“The most important thing to me was maintaining the sense of community while still having a competitive team,” Kenny Kane says.
CrossFit Los Angeles has had their eyes on the Affiliate Cup title since 2009, the first year of an independent, team-based competition at the CrossFit Games. In 2009, CrossFit LA took 20th place out of 96 teams. The next year, they missed the Affiliate Cup after falling to 25th place at the 2010 South West Regional.

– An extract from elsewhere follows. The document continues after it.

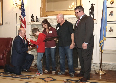 Sen. Rick Brinkley presents Gold Star Medal to Sgt. Anthony Petersons son and parents. (Left to right) Sen. Rick Brinkley, Dakota Peterson, Terra Peterson, Garth Peterson, and Rep. David Derby. |

Determined to return to the Games, 2011 became a 'come back year.' CrossFit LA went from 30th place in Southern California at the end of the Open—securing the last spot to the 2011 Southern California Regional—to taking the final berth to the Games.

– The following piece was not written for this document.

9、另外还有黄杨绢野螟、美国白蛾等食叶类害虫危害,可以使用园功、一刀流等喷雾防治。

The Open has become a facet of box ownership. Last year, more than 26,000 people competed in the Open, including everyone from top athletes like Rich Froning Jr., who aspired to compete at the Games, to the casual CrossFitter who simply wanted to see where they landed in the worldwide and regional rankings.

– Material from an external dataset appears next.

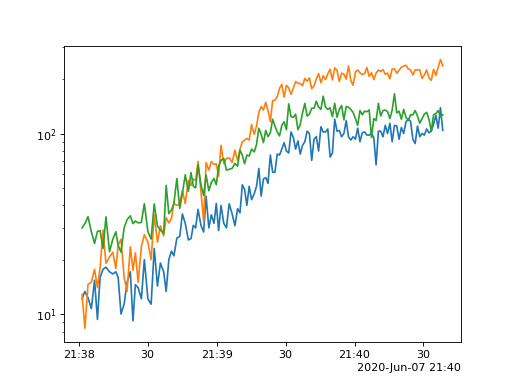 plt.xlim(datetime(2020, 6, 7, 21, 30), datetime(2020, 6, 7, 22, 0))

Consequently, last year, the CrossFit LA coaches were challenged to learn how to support a competitive team while still fully supporting the rest of their 350-person box community.
“The most important thing to me was maintaining the sense of community while still having a competitive team,” Kenny Kane, the CrossFit LA team coach says. “Andy and I are really clear, community first.”
The Open is not only a test of fitness; it’s a test of integrity and an ability to make hard calls. Affiliates from across the world are summoned to count reps for their athletes, validate scores, and help the community find the top 60 athletes and top 30 teams to compete in each region. Members and coaches are responsible for validating their friends’ scores and must have the guts to say the dreaded phrase “No rep!”
CrossFit LA knew that their reputation was on the line, as was the merit of all boxes across the globe. According to Shirley Brown, another member of the affiliate team, “No rep is no rep,” she says. “If it’s your friend, still, no rep.”
“No bullshit. It’s a rep or it’s not,” says Kane. “We’re fun, we’re dancing, but we can’t have bad reps.”
The Come Back
CrossFit LA went into the 2011 Southern California Regional the underdog, the last ranked team in the Open. “I told my wife don’t even bother coming down,” Petranek says, “I mean we took 30th in the Open. I told her we would be home on Saturday.”
Yet CrossFit LA’s focus on completing full range of motion and willingness to call their athletes out when they fell short during the Open paid off at Regionals. Under the intense scrutiny of official judging, CrossFit LA thrived. By the end of the weekend, they had earned bronze and the final berth to the Games.
They made sure to keep it fun. “We start our Sunday morning practices dancing, starting our cheers,” Kane says, “That kind of practice really pays off. It gives us the sense that we’re a team. We earned that 3rd place. We trained smart, but we also had fun.”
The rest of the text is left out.